Exercise objective:
Output the data below exactly as it is, dropping the pictures from your copy.

:: Dataset extract

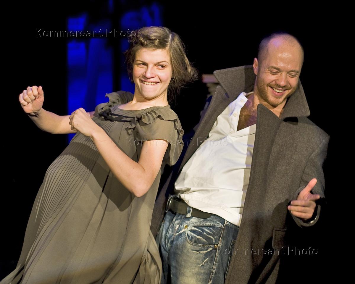Актеры Агния Кузнецова и Евгений Стычкин в спектакле "Девушка и революционер" Игоря Симонова в…
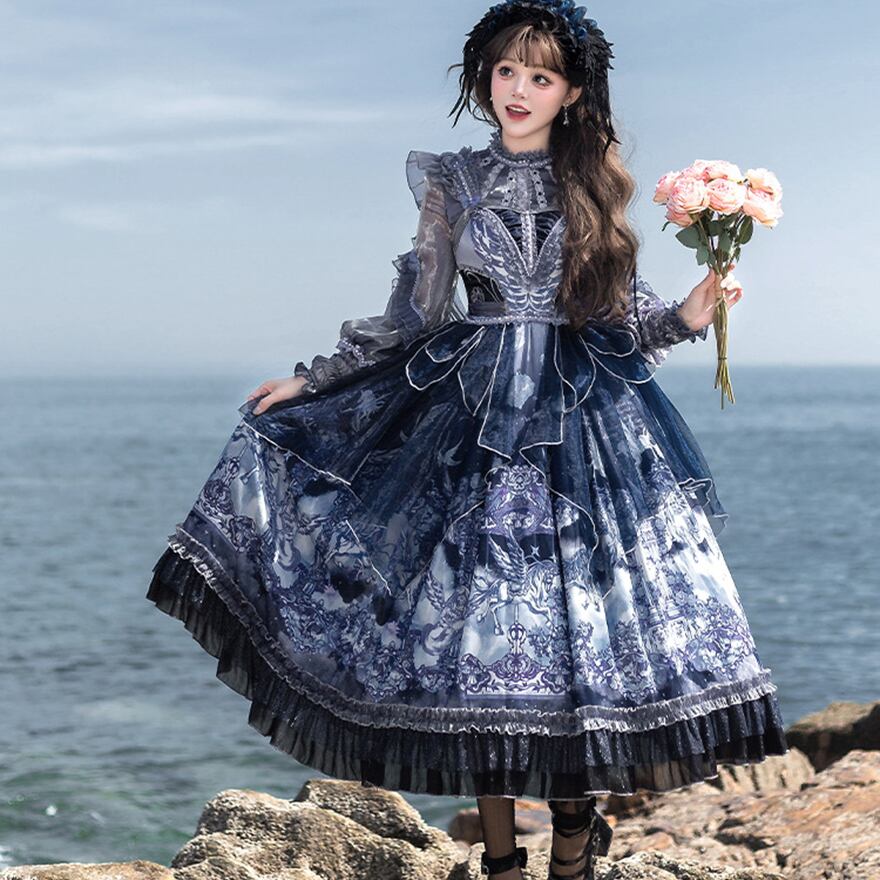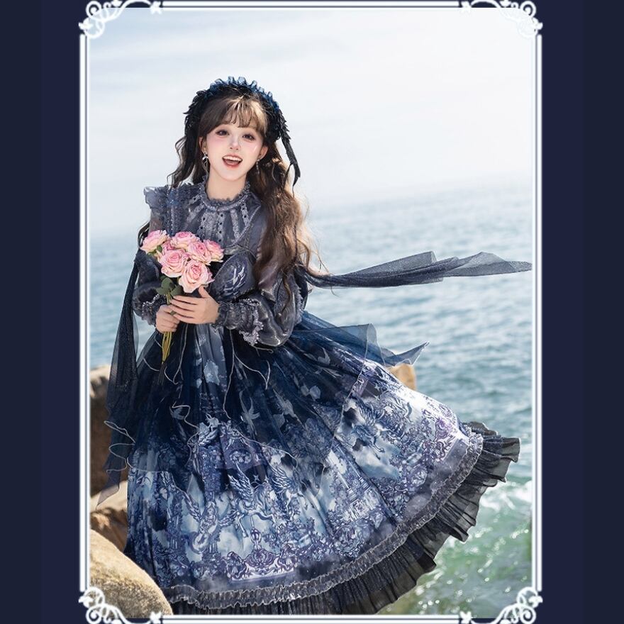 深いネイビーとホワイトのグラデーションが美しい、クラシカルなロリータファッションのセットアップです。シースルーのブラウスと、繊細なプリントが施されたJSK(ジャンパースカート)、そしてその上に重ねるシフォンレイヤーが、幻想的でエレガントな雰囲気を醸し出しています。
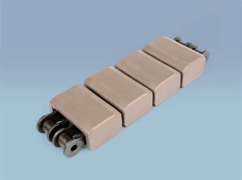 이 체인 방식은 복합체인의 기본 방식으로서 대중적으로 쓰이는 범용체인에 수지 커버를 씌움으로써 제품의 이송에
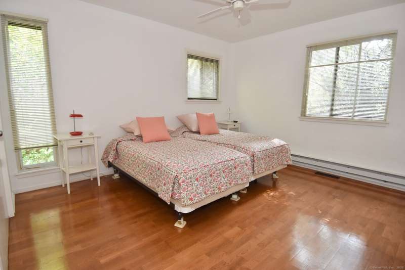 Great opportunity to own a Sherman unit in the well sought after 55+ community of Heritage Village! This unit offers a welcoming Foyer with an Eat-in Kitchen adjacent with recent white cabinets & appliances, butcher block countertops and ceiling fan, and a Living Room/ Dining Room combination with Fireplace, ceiling fan & slider leading to a concrete blue stone Patio. The Primary Bedroom boasts of a Full Bath, ceiling fan, and slider leading to Patio. The second bedroom with ceiling fan offers many possibilities; a guest bedroom, office or den convenient to a full Hall Bathroom. There is hardwood flooring throughout the unit except for the kitchen and baths. Other features include: the one car detached garage with storage which is located closest to unit, ample guest parking & no stairs. Heritage Village has much to offer with its many activities, and close proximity to town for shopping, medical facilities & restaurants. The HOA fee includes Spectrum internet and cable. All Buyers pay

::::

Task result:
Актеры Агния Кузнецова и Евгений Стычкин в спектакле "Девушка и революционер" Игоря Симонова в…
 深いネイビーとホワイトのグラデーションが美しい、クラシカルなロリータファッションのセットアップです。シースルーのブラウスと、繊細なプリントが施されたJSK(ジャンパースカート)、そしてその上に重ねるシフォンレイヤーが、幻想的でエレガントな雰囲気を醸し出しています。
 이 체인 방식은 복합체인의 기본 방식으로서 대중적으로 쓰이는 범용체인에 수지 커버를 씌움으로써 제품의 이송에
 Great opportunity to own a Sherman unit in the well sought after 55+ community of Heritage Village! This unit offers a welcoming Foyer with an Eat-in Kitchen adjacent with recent white cabinets & appliances, butcher block countertops and ceiling fan, and a Living Room/ Dining Room combination with Fireplace, ceiling fan & slider leading to a concrete blue stone Patio. The Primary Bedroom boasts of a Full Bath, ceiling fan, and slider leading to Patio. The second bedroom with ceiling fan offers many possibilities; a guest bedroom, office or den convenient to a full Hall Bathroom. There is hardwood flooring throughout the unit except for the kitchen and baths. Other features include: the one car detached garage with storage which is located closest to unit, ample guest parking & no stairs. Heritage Village has much to offer with its many activities, and close proximity to town for shopping, medical facilities & restaurants. The HOA fee includes Spectrum internet and cable. All Buyers pay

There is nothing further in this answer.